Allah –Ta’ala- berfirman:
إِنَّمَا يَخْشَى اللهُ مِنْ عِبَادِهِ الْعُلَمَاء
“Sesungguhnya yang takut kepada Allah di antara hamba-hamba-Nya, hanyalah ulama”. (QS. Fathir: 28)
Sebagian generasi salaf berkata: “Cukuplah ilmu itu dengan takut kepada Allah dan merasa tertipu dengan Allah adalah kebodohan”.
- Cinta kepada Allah, inilah yang menjadi sebab terkuat hadirnya sifat sabar untuk tidak menyimpang dari ajaran-Nya dan bermaksiat kepada-Nya. Karena seorang pencinta akan mentaati orang yang dicintainya. Dan setiap kali kerajaan cinta menguat di dalam hati, maka tuntutannya untuk taat dan meninggalkan maksiat kepada-Nya akan lebih kuat. Sungguh kemaksiatan dan penyimpangan itu terjadi karena lemahnya cinta dan kerajaannya. Sangat berbeda antara seseorang yang enggan untuk melanggar aturan tuannya karena takut kepada cambuk dan sanksinya dan seseorang yang tidak mau melanggar aturan karena cintanya kepada tuannya.
- Karena kemuliaan jiwa, kebersihan, keutamaannya dan menjaga diri dari memilih sebab-sebab yang akan menurunkan derajatnya, merendahkan kedudukannya, menghinakannya, dan menyamakannya dengan orang-orang rendahan.
- Karena kuatnya pengetahuan akan buruknya dampak kemaksiatan dan mara bahaya yang akan muncul setelahnya, seperti; hitamnya wajah, gelap dan sempitnya hati, kegalauannya, sedih, sakit, terbelenggu, kegundahan yang sangat, bercerai-berai, lemah di hadapan musuhnya, jauh dari hiasannya, kebingungan dalam urusannya, penolongnya akan berlepas tangan darinya, menjauh dari musuhnya yang nyata, ilmu yang sebelumnya sudah siap menjadi jauh, lupa dengan apa yang sudah diraih atau hafalannya menjadi lemah, dihinggapi penyakit dan bisa jadi akan menjadikannya mati; karena dosa-dosa itu akan mematikan hati.

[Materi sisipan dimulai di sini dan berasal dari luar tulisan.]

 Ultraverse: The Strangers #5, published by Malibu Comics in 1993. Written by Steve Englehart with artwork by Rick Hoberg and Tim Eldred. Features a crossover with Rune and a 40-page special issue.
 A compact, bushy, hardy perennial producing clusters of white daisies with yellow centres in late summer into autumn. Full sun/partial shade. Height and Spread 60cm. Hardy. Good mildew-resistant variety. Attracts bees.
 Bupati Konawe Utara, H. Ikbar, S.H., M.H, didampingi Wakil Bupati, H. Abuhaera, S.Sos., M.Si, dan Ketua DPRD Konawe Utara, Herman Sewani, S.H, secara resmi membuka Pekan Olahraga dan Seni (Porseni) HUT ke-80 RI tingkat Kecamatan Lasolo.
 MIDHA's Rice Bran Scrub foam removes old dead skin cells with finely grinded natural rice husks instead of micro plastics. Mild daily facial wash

Intinya, bahwa dampak maksiat yang buruk itu lebih banyak dari apa yang diperkirakan oleh seorang hamba, maka kebaikan dunia dan akhirat dengan memenuhinya dengan taat kepada Allah, sedangkan keburukan dunia dan akhirat dengan memenuhinya dengan maksiat kepada Allah.
Pada sebagian atsar Allah –subhanahu wa ta’ala- berfirman: “Barangsiapa yang taat kepada-Ku, maka dia akan sengsara dengan taat kepada-Ku, dan Barangsiapa yang durhaka kepada-Ku, maka dia akan bahagia dengan maksiat-Ku”.

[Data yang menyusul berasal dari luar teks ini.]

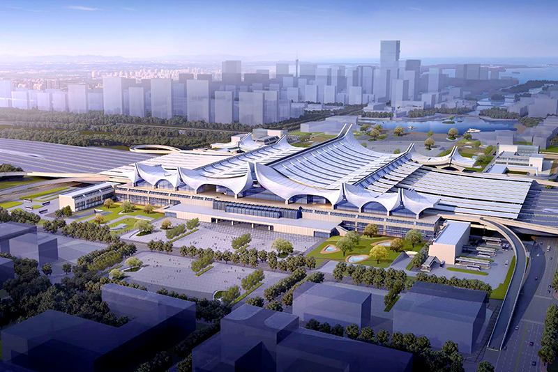 青島紅島站站房設(shè)計(jì)為“一大兩小、中間大兩邊小”的浪花造型,主體為鋼筋混凝土混合框架結(jié)構(gòu),屋面結(jié)構(gòu)為雙向鋼桁架結(jié)構(gòu),落客平臺單向預(yù)應(yīng)力鋼筋混凝土梁板結(jié)構(gòu),站臺雨棚為無站臺柱大跨鋼框架結(jié)構(gòu)。 總用鋼量將達(dá)4.2萬噸,最大鋼結(jié)構(gòu)跨度長約62米,通過分段拼裝完成。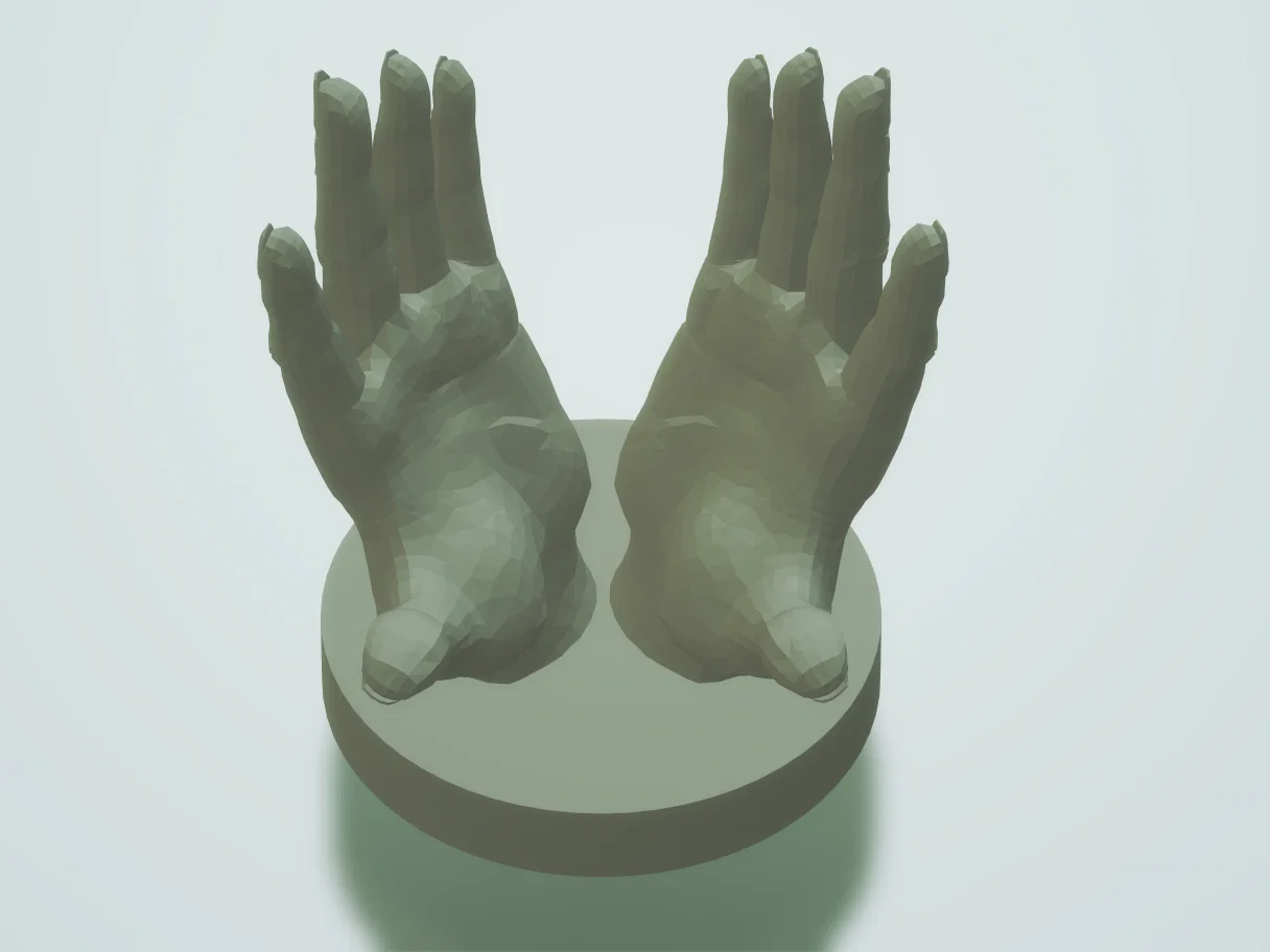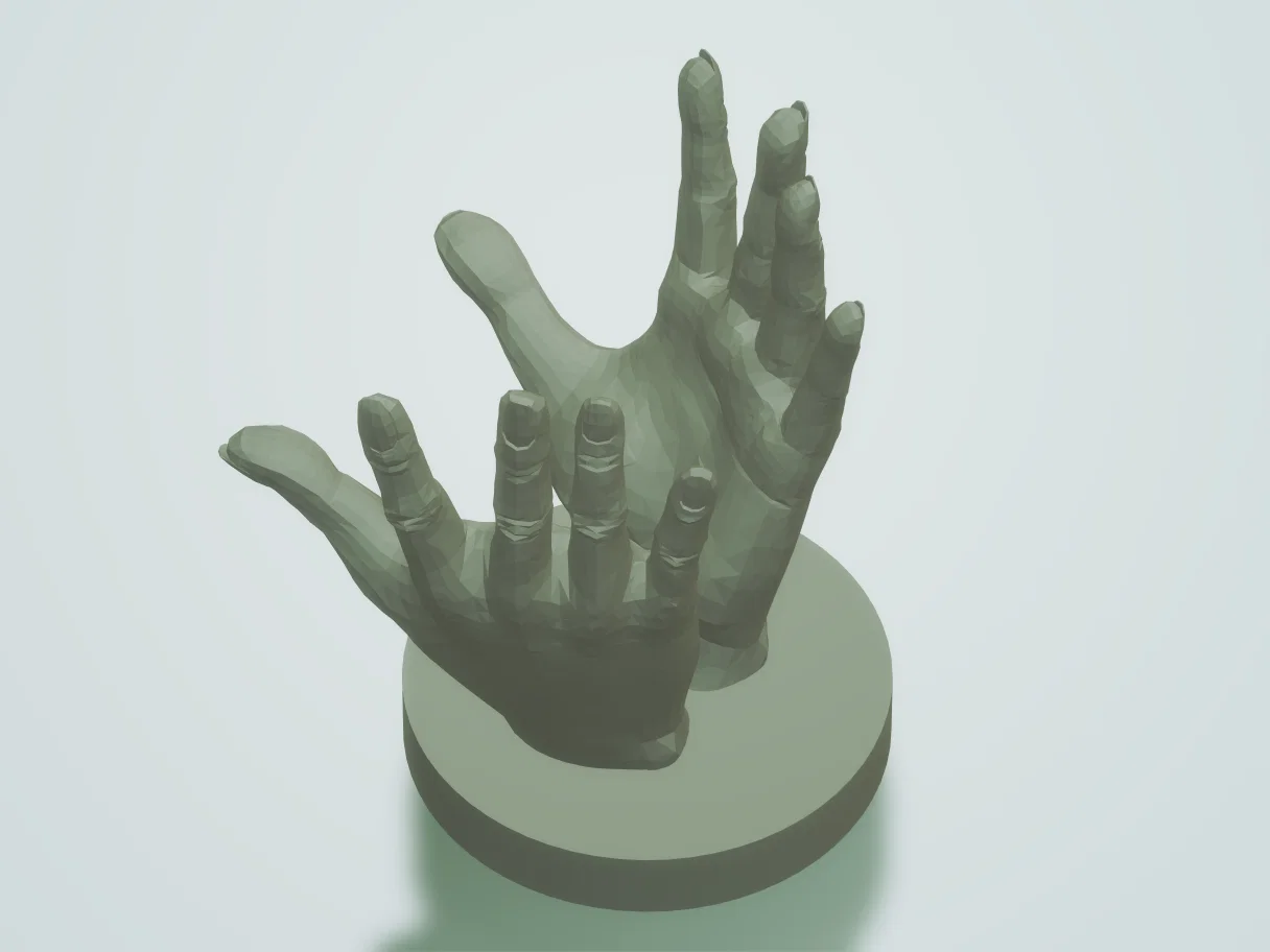 Mẫu giá đỡ trang sức dạng đôi bàn tay, mỗi tay hơi nghiêng ra ngoài để treo nhẫn, dây chuyền, bông tai, đồng hồ… In dễ, không cần supports khi in.

- Karena pendeknya angan-angan, dan pengetahuannya bahwa dia akan cepat pindah (dari dunia ke akhirat). Laksana seorang musafir yang telah memasuki sebuah desa namun bersegera ingin keluar darinya, atau seperti orang yang berkendara yang bernaung di bawah pohon lalu pergi dan meninggalkannya. Karena dia mengetahui kedudukannya yang rendah dan cepat sirna, dia bersungguh-sungguh untuk meninggalkan apa yang akan memberatkan, membahayakan dan tidak bermanfaat baginya. Dia juga bersungguh-sungguh untuk pindah dengan kebaikan yang ada di hadapannya. Tidak ada yang lebih bermanfaat bagi seorang hamba kecuali pendeknya angan-angan, dan tidak ada yang lebih membahayakan kecuali mengulur-ngulur dan panjang angan-angan.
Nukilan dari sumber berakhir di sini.